A few financial headlines caught my attention this week. Some good, others… not so much. So here they are; the good, the bad, the ugly, and the WTF?.
Good News: Retirement Savings Contributions Will Increase in 2019
It’s finally official that 401(k) employee contribution limits will rise to $19,000 in 2019. (Source: IRS)
If you are someone fortunate enough to have access to a 401(k), let alone be able to max it out, enjoy the extra $500 next year. Don’t forget to adjust your withholding settings in January.
Not to be left behind, IRAs and Roth IRAs contribution limit will increase from $5,500/year to $6,000/year. (Source: IRS)
People who max this tax advantaged space every year (I hope to be one next year), are excited about making round, even $500 monthly (or $250 semi-monthly) payments instead of the odd $458.33 monthly (or $229.16 semi-monthly) payments. Yeah, this is actually a thing that people geek out on.
Good News: My Emergency Fund Savings Account Interest Rate Has Increased
Ok. Not technically a news headline, but it’s good news to me. My savings account rate has just increased from 1.90% to 2.02%. Yay me! 🙂 And yay you if your savings interest rates are going up too.
WTF News: The Stock Market is All Over the Place
I don’t even know what to say about this. Seriously, wtf, stock market? October was a roller coaster ride, and I don’t want another go-’round in November. Anyone with cash on hand to ‘buy the dip’ (definitely not me) made some good deals, however. Yeah, I know that corrections are necessary, good, and healthy for the stock market and all, but I prefer green to red on any given day. Holy financial whiplash, Batman!
Bad News: SoFi in Hot Water Over Misleading Ads
“The Federal Trade Commission announced Monday that it reached a proposed agreement with Social Finance, or SoFi, to settle claims made by the agency that for more than two years, the company misrepresented the average amounts borrowers would save by refinancing their loans with the company. The FTC alleges that SoFi excluded certain categories of borrowers when calculating average savings to inflate the benefits of working with the company.” (Source: MarketWatch)

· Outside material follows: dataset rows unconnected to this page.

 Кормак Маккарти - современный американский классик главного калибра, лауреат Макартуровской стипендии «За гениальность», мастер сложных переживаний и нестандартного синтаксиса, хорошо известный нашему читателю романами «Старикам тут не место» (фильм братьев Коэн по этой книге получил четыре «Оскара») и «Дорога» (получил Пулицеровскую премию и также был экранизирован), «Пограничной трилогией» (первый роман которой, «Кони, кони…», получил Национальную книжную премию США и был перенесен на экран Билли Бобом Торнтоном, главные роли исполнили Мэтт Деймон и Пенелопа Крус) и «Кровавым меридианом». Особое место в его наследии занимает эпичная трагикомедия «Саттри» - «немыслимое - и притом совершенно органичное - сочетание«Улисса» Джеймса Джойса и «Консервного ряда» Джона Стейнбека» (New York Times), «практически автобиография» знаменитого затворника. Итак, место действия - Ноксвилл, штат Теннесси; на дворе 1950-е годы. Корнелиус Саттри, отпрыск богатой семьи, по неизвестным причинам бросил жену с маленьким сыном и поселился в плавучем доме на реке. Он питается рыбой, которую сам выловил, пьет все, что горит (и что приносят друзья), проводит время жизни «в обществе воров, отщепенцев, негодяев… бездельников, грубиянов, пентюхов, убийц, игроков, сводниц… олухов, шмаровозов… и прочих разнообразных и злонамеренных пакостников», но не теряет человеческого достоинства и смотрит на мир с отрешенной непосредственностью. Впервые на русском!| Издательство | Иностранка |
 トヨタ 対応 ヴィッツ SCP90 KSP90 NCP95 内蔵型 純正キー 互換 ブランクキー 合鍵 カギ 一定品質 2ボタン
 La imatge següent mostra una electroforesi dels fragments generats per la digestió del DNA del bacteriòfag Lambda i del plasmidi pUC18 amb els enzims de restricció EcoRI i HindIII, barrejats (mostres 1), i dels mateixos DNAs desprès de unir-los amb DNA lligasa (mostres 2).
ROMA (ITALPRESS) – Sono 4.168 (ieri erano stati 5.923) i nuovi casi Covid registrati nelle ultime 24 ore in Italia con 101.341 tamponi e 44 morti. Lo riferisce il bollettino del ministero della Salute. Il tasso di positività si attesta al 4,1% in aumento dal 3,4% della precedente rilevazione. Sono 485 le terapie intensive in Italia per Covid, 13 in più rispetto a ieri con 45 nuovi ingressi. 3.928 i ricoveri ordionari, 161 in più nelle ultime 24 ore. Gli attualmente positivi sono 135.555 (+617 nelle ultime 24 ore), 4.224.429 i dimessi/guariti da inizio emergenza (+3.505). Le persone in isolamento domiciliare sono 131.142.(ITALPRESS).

“Under the terms of the settlement, SoFi is not admitting or denying wrongdoing and won’t pay a fine. Instead, the company agreed to stop making what the FTC described as misrepresentations about how much money borrowers have saved or will save through refinancing with the company. The FTC is also putting lenders making similar claims on notice.” (Source: MarketWatch)
Wow, not a good look, SoFi! Of course SoFi is not the only student loan company being ‘selective’ with their calculations, but it appears to be one of the most noticeable offenders to have drawn the direct ire of the FTC (or maybe they were unfairly singled out). Regardless, SoFI has claimed that they will reform themselves. Do you believe it? If you are a SoFi borrower, does this change your view of them or is this much ado about nothing?
Ugly News: Navient Starts Integration with Earnest
One year ago, back in October of 2017, I wrote this post about Navient buying then student loan darling, Earnest. I mentioned the lawsuit against Navient, and borrowers likely concerns, as well as the founder-CEO’s impassioned plea to calm nerves and stem a possible mass exodus of customers. Borrowers were assured that Earnest would remain independent and that they would continue to be taken care of like they always had been. Turns out the borrower concerns were well justified. One year later, that impassioned CEO, has collected a big payout check and left the company. Navient has installed new leadership and control.
Online forum discussions have mentioned the sudden roll-out of Navient’s version of the dashboard to replace the Earnest dashboard. The turnover seems to include the addition of some features, yes, but also the stripping away of several others, most of which include key differentiating features that gave borrowers freedom and control over when and what they paid. Now apparently, borrowers have to call Earnest-Navient rep on the phone in order to make any changes, and hope they don’t screw it up accidentally on purpose, among other new headaches. Things are changing for borrowers with Earnest-Navient.
Have you run across any interesting financial news recently? What was it?